When we first met, there was an instant connection. It was something I hadn’t felt in years. I was seen and known by an equal: a fellow survivor of public, postpartum, sneeze-induced bathroom breaks.

But I was hesitant. Was I ready for this? Did I actually know how to connect with another human being for whom kindergarten was a distant memory? I felt like I needed some literature on the topic.
As I emerged friendless from those first few months with a new baby, I was taken back to my own childhood years on the playground, spent with my nose in a book and terrified of attempting to make connections that were bound to misfire.

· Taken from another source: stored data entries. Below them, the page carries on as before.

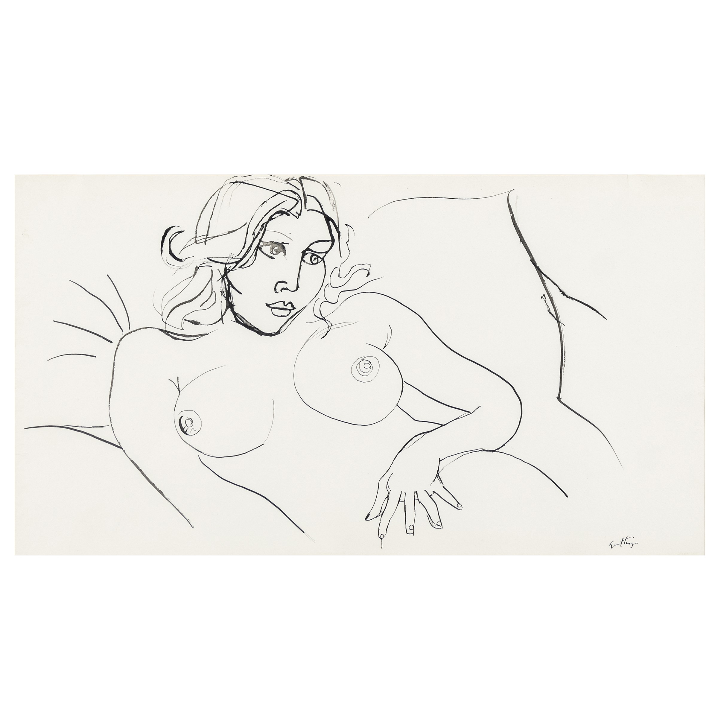 Bagheria 1911 - Roma 1987 Nudo di donna, china su carta, firmata in basso a destra, entro cornice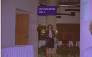 Lady standing in front of pillar 4-1997 Colloq (color); 18 Colloquium, 1997 Lady standing in front of pillar 4-1997 Colloq (color); 18 Colloquium, 1997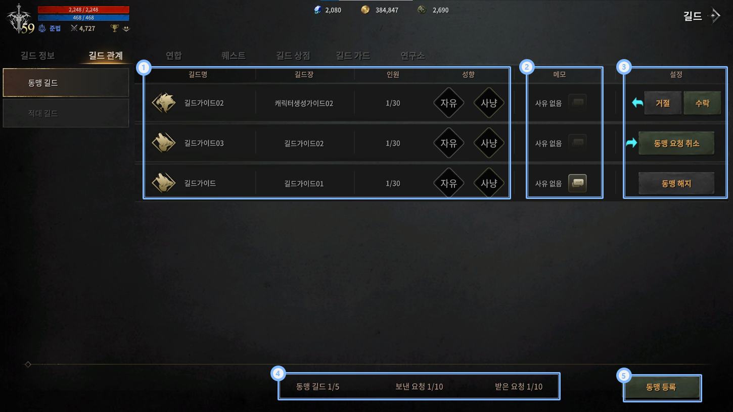 | 4 | 현재 동맹 길드 상태 | 현재 맺은 동맹 길드 수와 진행 중 동맹 요청 수를 확인할 수 있습니다. - 동맹 길드 최대 수: 5개 - 동맹 길드 보내 요청 최대 수: 10개 - 동맹 길드 받은 요청 최대 수: 10개 |
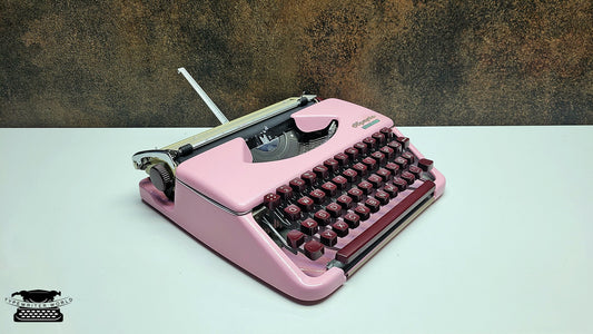 Restored Olympia Splendid 33/66 Ice Pink Typewriter with Mechanical Burgundy Keyboard and Case | Vintage QWERTY Typewriter for Writers
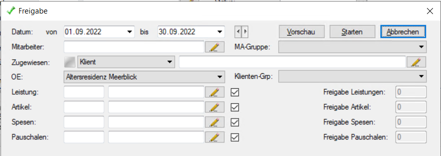 Definieren Sie die Filterkriterien nach Ihren Wünschen. Durch Drücken der Schaltfläche Vorschau wird in den unteren Feldern angezeigt, wie viele Leistungen, Artikel und Spesen für die Freigabe vorbereitet sind. Durch Starten beginnt die Freigabe. Der Status der Verrechnung und des Lohnes wechseln von Nicht freigegeben auf Freigegeben.

The first time we arranged to get coffee together, I was up in the wee hours of the morning trying to pick the perfect outfit. Arrive too put-together and I would look like I tried too hard to pretend motherhood is a breeze. But arrive too messy and I would look like my standards were dismally low. (Of course, this is true, but it’s not a first date sort of revelation.) I wrestled with what details of my life to share. What do adults even talk about in public, I wondered? Hopefully, conversations about baby bowel movements and our favorite season of FRIENDS would be enough.

And I guess it was. Five years later, this mama remains one of my closest friends, a sister and comrade in the daily battles we wage against our tiny, tyrannical roommates.

Making friends as an adult is somehow immensely more difficult than it ever was as an awkward child. But at least now, I’m not afraid to air my dirty laundry. Mostly because our house doesn’t have an actual laundry room. But my friends don’t judge me for that, either.